The Yuanpei Program in Peking University: A Case Study of Curriculum Innovation by Wanying Wang
English | ISBN: 3642375146, 3642438032 | 2013 | PDF | 179 pages | 0,7 MB
English | ISBN: 3642375146, 3642438032 | 2013 | PDF | 179 pages | 0,7 MB
The Yuanpei program is an institution wide curriculum innovation, modeling on the core curriculum in Harvard which is committed to carrying out general education. This research investigated the major conflicts that arose in the process of initiation and implementation of the Yuanpei program, how these conflicts evolved during the process, and what were the sources of these conflicts.
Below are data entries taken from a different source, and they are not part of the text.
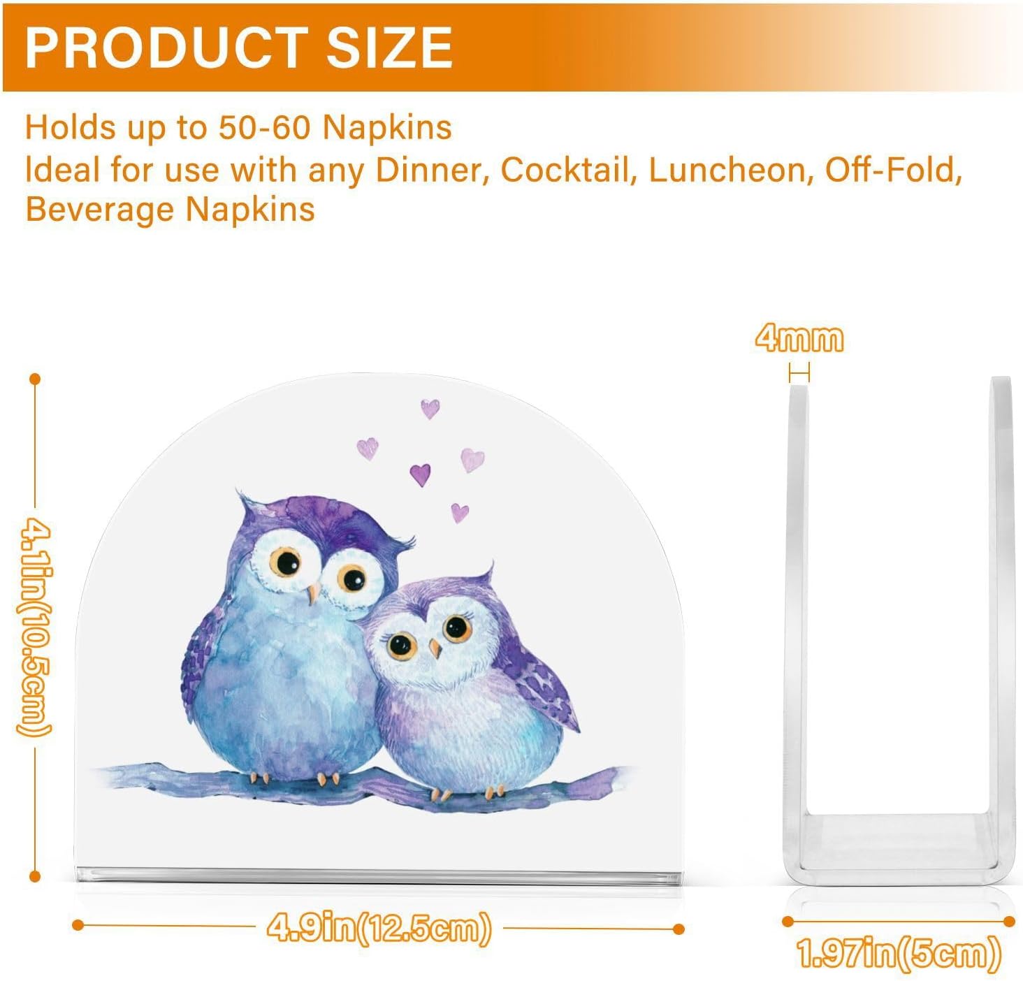 Cute Owl Napkin Holder for Table Paper Napkins Holder Acrylic Tissue Dispenser Kitchen Dining Room Bathroom Party Car Decor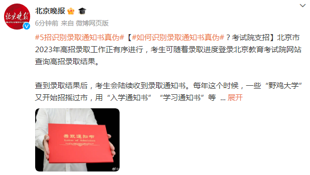 考生要通过正规渠道查询录取结果。北京考生可根据录取进程安排陆续查询录取结果。考生除了可通过北京教育考试院网站查询,还可通过报考的高校招生网站查询录取结果。如果考生通过这些方式查到自己没有被录取却收到了录取通知书,那么收到的录取通知书也是假的。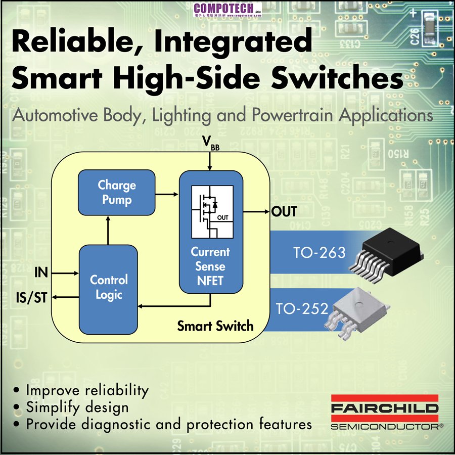 全球領先的高性能電源和可攜式產品供應商快捷半導體公司(Fairchild Semiconductor)開發出一款專門為汽車車身電子提供先進電氣負載控制的智慧型高側開關系列。該系列元件為離散式MOSFET設計提供替代方案,整合了保護和診斷功能,以減少元件數量,簡化印刷線路板設計,同時提高系統的可靠性。

The conflict model, primarily derived from conflict theory, was adopted to interpret and analyze the process of curriculum innovation in this context. The study employed a qualitative case study approach. Data were collected primarily through interviews, observations and document analysis. The administrators, teachers and students were interviewed to gain insight into major conflicts arose, their processes and sources in process of the curriculum innovation. The researcher primarily observed program practices and operations, including program setting, the human, social environment (how participants interact and communicate), and program activities and participant behaviors. The researcher distinguished between conceptual conflicts and practical conflict in light of the different stages in which conflicts emerged. The researcher mainly identified three conceptual conflicts that represent the focus of debates: first, the two opposing opinions on how to balance between general education and specialized education; second, potential incongruence in the idea of the Yuanpei program; third, conflict between the changing need of society and traditional system of training.
The researcher summarized four categories of practical conflicts in light of various issues: free-course selection, free-major selection, faculty advisor as well as general education elective courses, in each of which sub-themes were identified and analyzed. The researcher described how both conceptual and practical conflicts evolved. Each major conceptual conflict seems to go through similar stages based on the data, involving issue, confrontation and integration of claims of both sides. For practical conflicts, factors contributing to the escalation and de-escalation, moderation of conflicts were found by the researcher. The research identified different roles, incompatible values, contested resources and structural constraints as the main sources of conflict. Any conflict may involve more than one category or may be mainly due to one category. As such, the study is exploratory and contributes to the scholarship on educational change through its analysis of the curriculum innovation for general education in Peking University.